Verset 1 : Toute l’humanité était d’un seul bord

  • Tout le monde se servait d’une même langue et des mêmes mots. (Bible de Jérusalem)
  • Toute la terre avait un seul langage et un seul parler. (Dhorme)
  • La terre entière se servait de la même langue et paroles uniques. (Fleg)
  • Le malheur, c’est que l’humanité, dans sa totalité, était d’un seul bord et vivait une seule histoire. (Neher)
  • La terre entière était une frontière, un ensemble d’éléments clos. (Neher)
  • Hélas toute la terre parlait un même langage. Et avait une même idéologie. (Banon)

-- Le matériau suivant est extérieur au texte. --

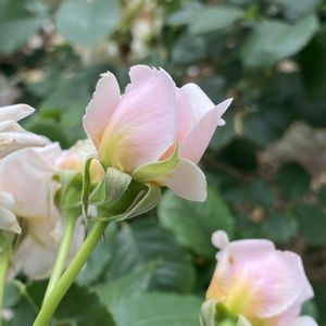 こんにちは♪ 雨が降る前の花壇♡ ①② ラベンダー フォーエバーブルー イングリッシュラベンダー ベロニカ ロイヤルキャンドル ロータス ブリムストーン アブチロン ホワイト・キング ユーフォルビア クラリスハワード フェリシア ③~⑤ バラ パニエ 花友サンのパニエを見て一目惚れして昨年、購入した子が開花♡ しかし…パニエなのか⁈ パニエに見えない… ん?(๑•ૅㅁ•๑) 何故だろう… 栄養不足? やっぱり私にバラはまだ難しい。。
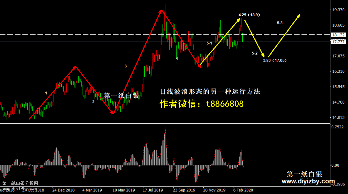 上圖4小時的分析是一種大概率的白銀運行模式。但從日線走勢形態分析,銀價亦具備另一種走法,波浪形態的推演并不是唯一的,其中特別涉及到細分浪結構時,走勢具備多種變化。從日線結構來看,主趨勢處于向上運行結節奏無疑。然而中期1浪和3浪均未發生延長形態,因此5浪發生延長的概率較大。這就涉及到初始階段5-1浪和5-2浪的確認,而后由此推演出5-3、5-4、5-5浪。如圖中黃色箭頭所示,中期走勢還可將過去3個月的整體漲勢確認為5-1浪上漲,而當前走勢正處于5-2浪回調。中期回調的支撐位仍有可能是在3.83(17.05)附近(近期行情無法突破信號點4.08(18.15)的前提下)。雖然此種日線走勢運行概率較低,但仍然是一種可能存在的走法。
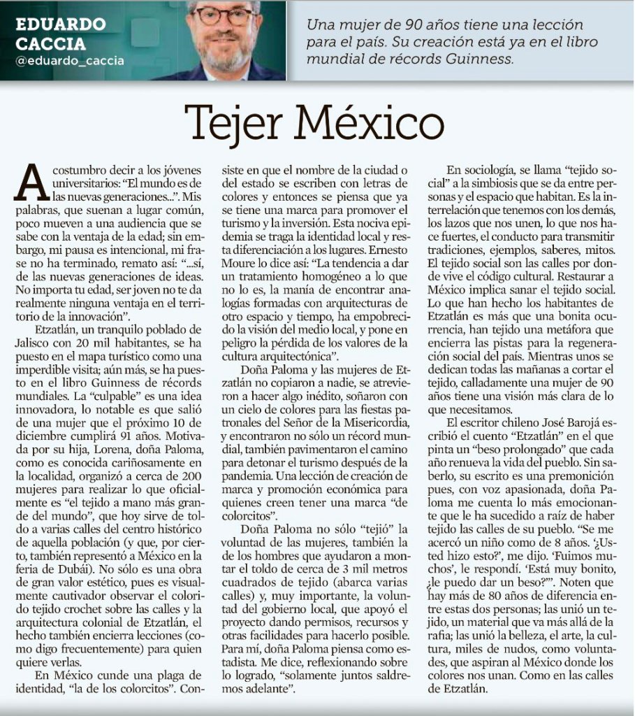 Orgulloso de que mi cuento «Etzatlán«, dedicado a mi esposa, la escritora mexicana Leyda Mariscal, fuera asociado a tan bonita ciudad de Jalisco en la editorial «Tejer México» de Grupo Reforma, a propósito de los hermosos tejidos que allí se confeccionan.
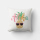 Tropisch, leuk gooi kussen met een schattige, lachende ananas dragen zonnebril met een Aloha begroeting in zomerse strandkleuren (roze, koraal, sinaasappel, aqua blauw). Origineel kunstwerk KL Stock.
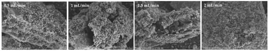Figure 7 shows the release rate of main gases at different flow rates of H2O steam. Obviously, as the flow rate of H2O steam increased to 2 mL/min, the gas yield decreased, and the tar yield decreased to a certain extent and then began to maintain equilibrium. This was because the tar had a self-reforming reaction with H2O and CO2, indicating that the additional introduction of H2O steam would shorten the residence time of tar-containing gas in the reforming reactor. Thus, the cracking/reforming reaction of tar was inhibited and consumed a lot of energy, which can be explained by Figure 8. As can be seen from Figure 8, the degree of carbon deposition on the surface of the catalyst increased with the increase in H2O steam flow rate, indicating that too much H2O steam reduced the conversion of tar, resulting in the accumulation of a large number of macromolecular substances to form carbon deposition and cover the surface of the catalyst. Therefore, the additional introduction of H2O steam promotes the steam gasification reaction of char and water–gas change reaction but avoids the introduction of excessive H2O steam.
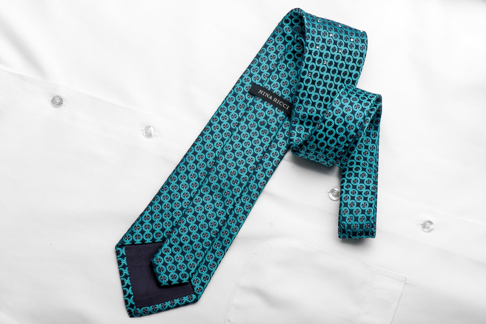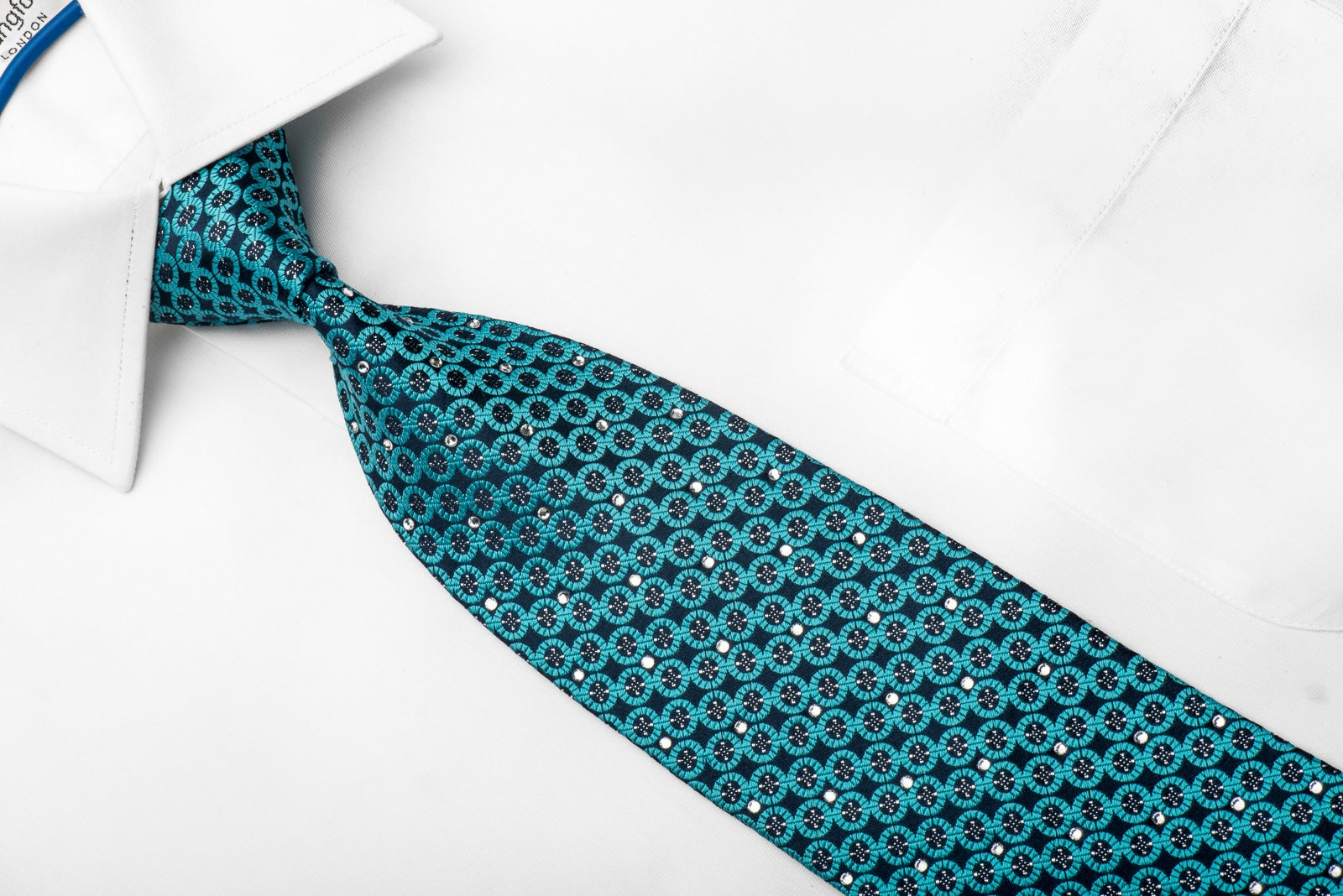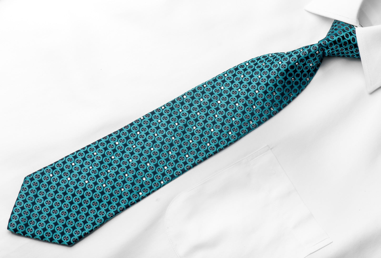 Stylish men's crystal Rhinestone necktie perfect for every occasion handmade from the finest quality silk and designed by top brand name Nina Ricci. Presenting an elegant geometric circles design on turquoise woven silk, embellished with metallic silver thread and sparkling with crystal Rhinestones.
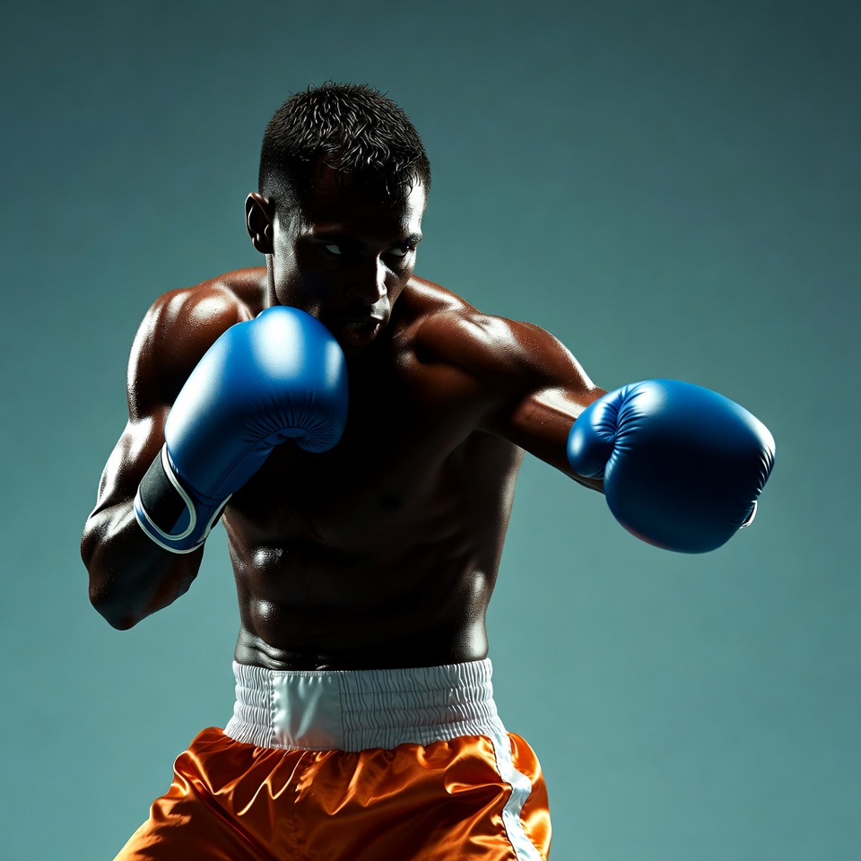African-American, abs, action pose, arms raised, athlete, blue gloves, bodybuilder, boxing, boxing gloves, boxing pose, combat sport, fighter, fitness, intense, male, man, muscular, orange shorts, punching, shirtless, sportsman, stance, strong man, teal background, workout, boxer
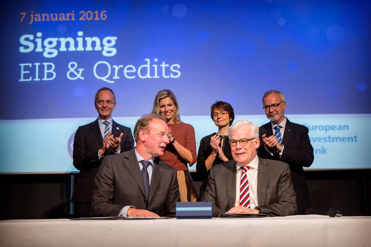 Koningin Máxima bij ondertekening lening Europese Investeringsbank aan Qredits

L’emploi des mots dans ce premier verset, qui évoque un état initial antérieur au drame, a une fonction allégorique très étendue. Il donne, comme le montre André Neher, la possibilité de plusieurs variations sur la même structure, à partir de trois notions :

a) èrèş (la terre) fait référence ici à tout le monde,

b) ŝāphāh (la lèvre , la langue) signifie « bord », « limite », « frontière », et porte la notion de clôture,

c) dābhār, qui est un terme polysémique, signifie « le mot » ou « la chose », et apparaît pour la première fois dans la Genèse avec le récit babélien, mais reviendra très fréquemment dans tous les livres de la Bible :

‘Davar, un mot qui revient des milliers de fois dans la Bible, avec des dizaines de significations, obligeant un Edmond Fleg et des Buber-Rosenzweig à renoncer à leur attachement à la traduction littérale et à choisir, pour rendre davar, entre l’une ou l’autre des possibilités suivantes : chose, fait, objet, parole, événement, révélation, commandement, etc. 26

Une nouvelle traduction bouleverse alors le sens traditionnel du récit en accentuant la dimension spatiale : au lieu de lire : « la terre entière se servait de la même langue et des mêmes mots », nous pouvons lire « toute l’humanité était d’un seul bord », la terre, enfermée dans un cercle clos, n’avait qu’une seule frontière. Par l’humanité qu’elle portait, elle inventa sa Parole, ses Objets, ses Événements, mais la première particularité de son être, dit André Neher :

‘C’était de ne posséder qu’une seule safa, expression qu’il ne faut plus entendre, au point où nous en sommes, dans le sens de langue, mais dans sa portée étymologique qui est celle de bord, de limite, de frontière. 27

Ce travail de reprise et de bouleversement du sens par le fait d’une nouvelle traduction apparaît à Butor le modèle par excellence de lecture de toute œuvre. Selon lui, un traducteur est aussi un critique, mais un critique en profondeur car « il doit apporter au texte quelque chose de profondément neuf ».28

Mais cet apport provient toujours d’un retour à la lettre contre les interprétations obligées des traditions. Le mythe est comme les ruines ou comme la mémoire : traces d’un passé révolu, mais qui informe notre présent. Et dès lors que le présent est en continuité avec le passé, il n’est pas question de l’enfermer dans la perception des religions ou de leurs interprétations univoques. Interpréter des textes sacrés, c’est en retrouver et en réanimer la langue sacrée :

‘On fait tout ce qu’on peut pour qu’ils n’évoluent pas. Ils peuvent susciter des commentaires toujours nouveaux, mais eux-mêmes ne sont pas susceptibles de variation. Pour que cette éternité du texte soit justifiée, il doit être considéré comme la production non des hommes mais des dieux. C’est le texte sacré qui forme, projette de l’autre côté de sa surface les figures divines. Les dieux sont ceux qui produisent le texte sacré et qui décident de tout le reste. 29

Pour approcher les rapports entre le sacré et la traduction, Butor rappelle ainsi que c’est en gardant le texte dans son intégrité originelle, sans en toucher la divinité, que le traducteur libère les mots enfermés. À travers cette mise en œuvre, il offre une nouvelle lecture, voire une nouvelle création.

Notes
26.

NEHER, André. L’Exil de la parole. Du silence biblique au silence d’Auschwitz. Paris : Seuil, 1970. P. 99.

27.

Ibid., p.111.

28.

BUTOR, Michel. Improvisations sur Michel Butor. Op. cit., p. 193.

29.

BUTOR, Michel. L’Utilité poétique. Saulxures : Circé, 1995. P. 17.